Sin embargo, la cama de esa habitación no estaba vacía. Una mujer yacía en ella: quizá la mujer más hermosa que había visto nunca. Algo en ella, una cualidad que no acertaba a definir, lo hizo detenerse en seco. Su cabello era de un color poco habitual, un tono canela oscuro intenso. Tenía los ojos cerrados. Le habían colocado distintos electrodos en las sienes, muñecas y tobillos. En la pared contigua había un espejo muy grande. Las luces de los instrumentos de control se reflejaban en él en una miríada de diminutos puntos de colores.
Logan, hipnotizado por la sorprendente visión de aquella figura casi etérea bajo el resplandor de los numerosos aparatos, no se movió. La mujer yacía completamente inmóvil; nada indicaba siquiera que respirara. Casi parecía que hubiera cruzado de la vida a la muerte. Logan tuvo la sensación de que la había visto anteriormente. Esa sensación no era algo inusual en él; con su aguda percepción, los déjà vu eran cosa corriente. No obstante, esa vez la sensación era especialmente fuerte.
De repente vio que algo se movía junto a los monitores, a los pies de la cama, y se llevó una sorpresa al descubrir que se trataba de Rush.
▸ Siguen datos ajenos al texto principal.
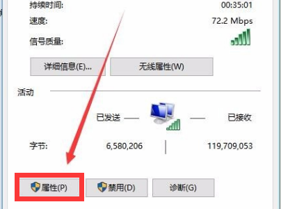 3、接下来就会打开无线网络的属性窗口,点击窗口中的“属性”按钮。
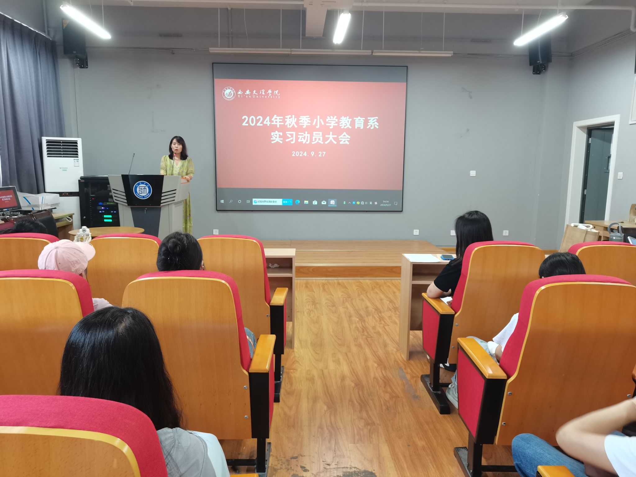 9月27日在B202召开小学教育专业2024年秋季实习实习动员大会,beats365唯一官方网站副经理李晶、小学教育系主任闫成海、教研室主任何悦参加了动员会。动员会由闫成海老师主持。
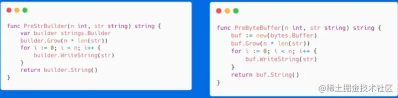字符串拼接不建议使用直接加,byte.Buffer更好。字符串是不可变类型,占用内存大小固定,每次使用+会重新分配内存,strings.Builder,bytes.Buffer底层是[]byte数组。如果增加预分配代码性能会更好。
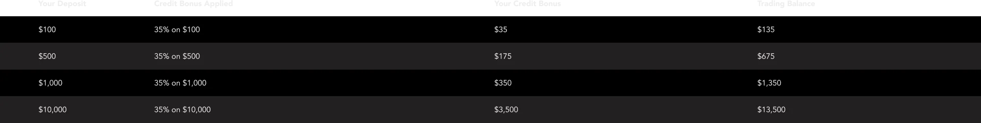 2. The “MENA 35% Deposit Bonus” is available ONLY for Standard Account, Islamic Standard Account, Prime Account, Islamic Prime Account.
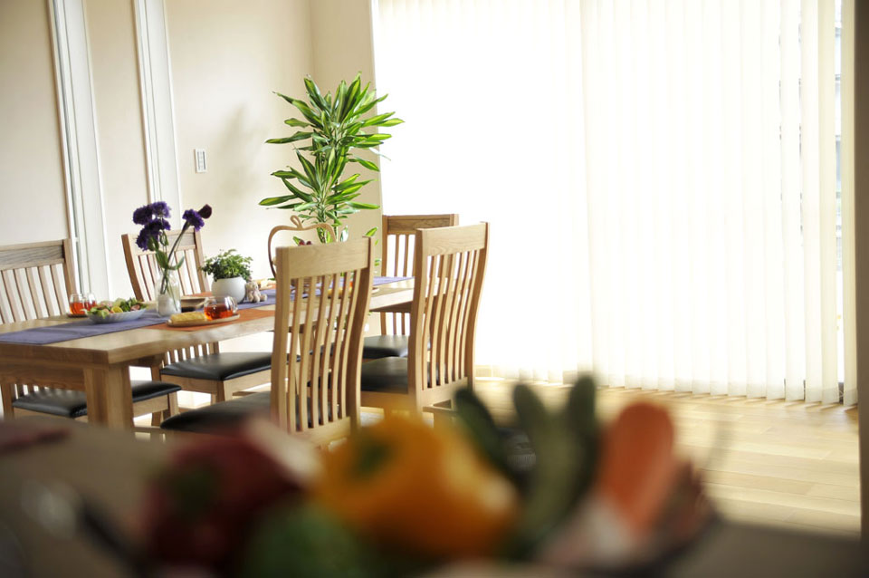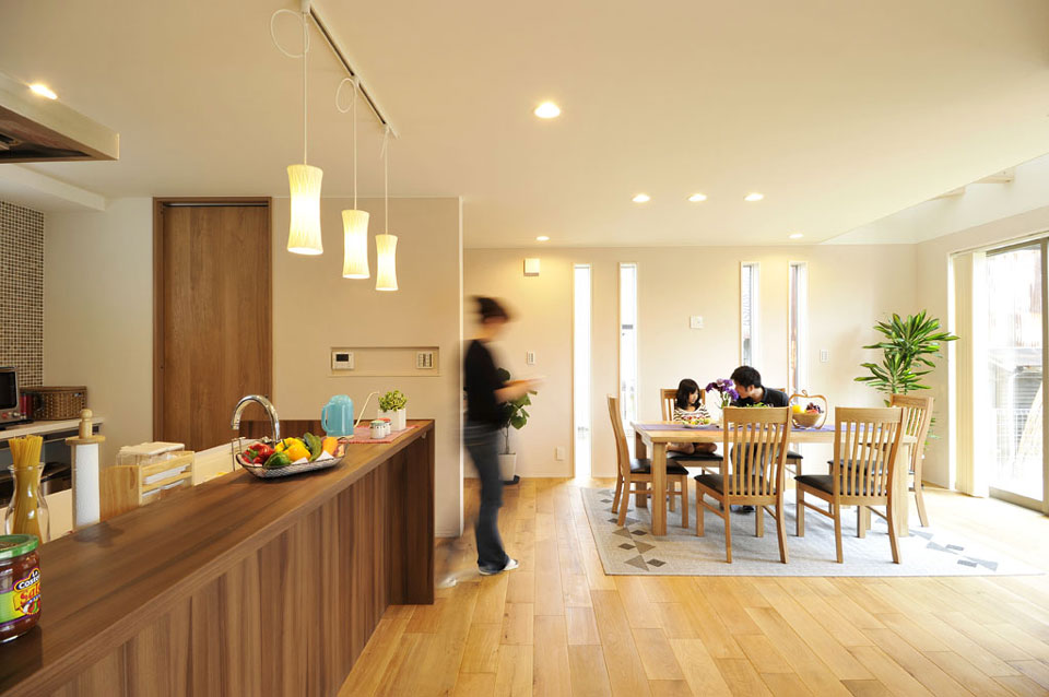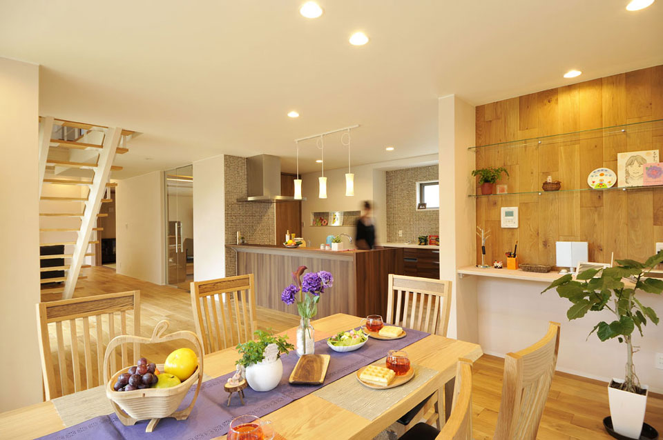 リビングダイニングキッチンは42畳あります。最初は30畳ぐらいでいいかな?と思われていたそうですが、42畳のプランを提案されて、「ここまでできるんだ!」と。仕事仲間を集めてワイワイやるのが夢だったご主人には、うってつけでした。また、SE構法のラーメン構造により、南面に大きな開口部を設けたリビングダイニングキッチンは、たっぷりと陽射しが降り注ぐ、とにかく気持ちのよい空間となりました。
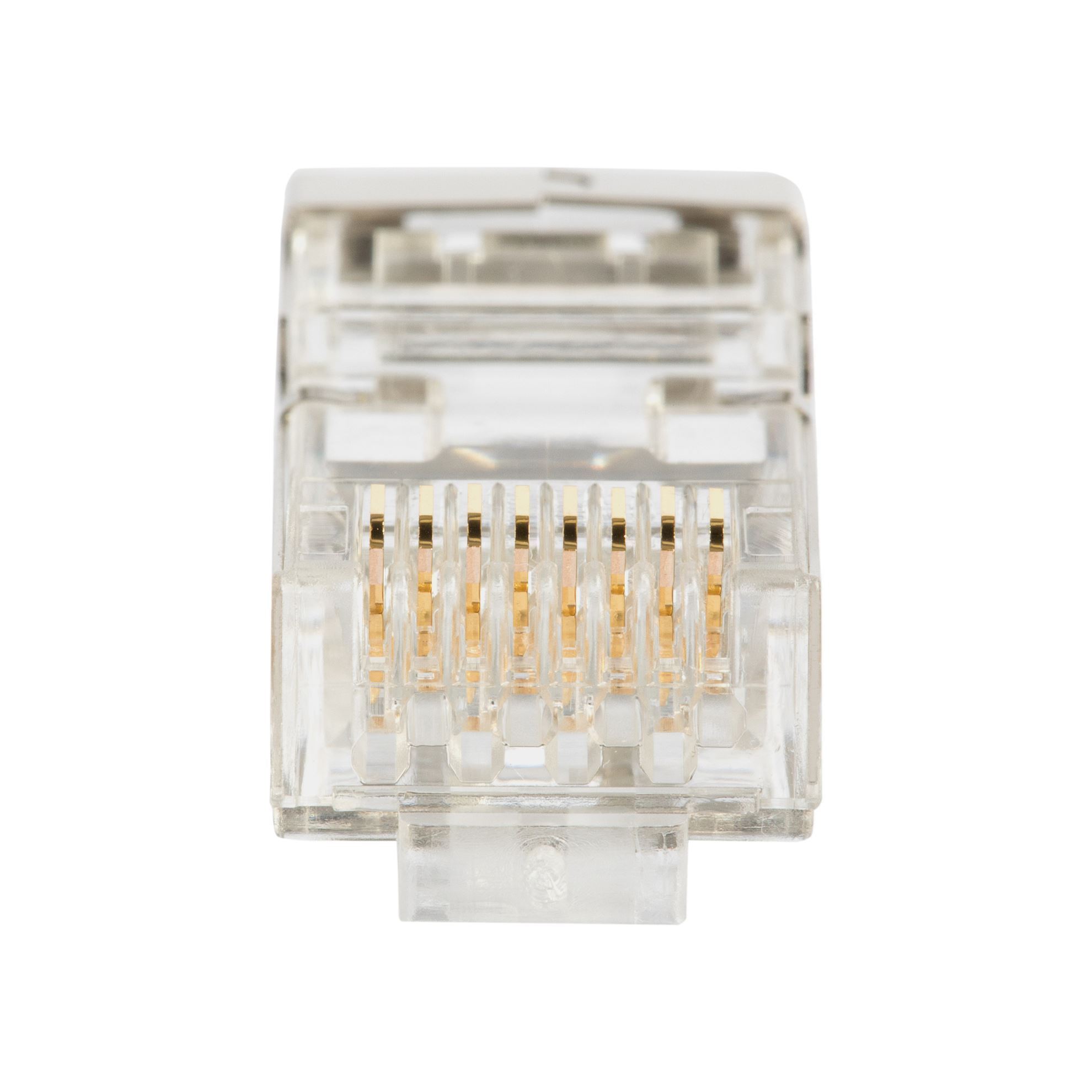 Our DYNAMIX RJ45 Pass-through modular plug connectors are designed to simplify the process of terminating RJ45 modular plugs, by allowing the wires to be inserted through the connector and out the front to easily verify the proper wiring order. Pulling the connector down over the cable jacket and seating it tightly in the rear of the connector this optimizes the performance of the termination.

El médico ajustó un dial, comprobó un indicador y, como si tuviera un sexto sentido, se volvió hacia la puerta y vio a Logan.
Este alzó la mano a modo de saludo, pero por la expresión de Rush y por su lenguaje corporal comprendió que no era el momento de entretenerse allí y que su presencia no era bienvenida. Así pues, dio media vuelta y siguió caminando por el pasillo en busca de su despacho.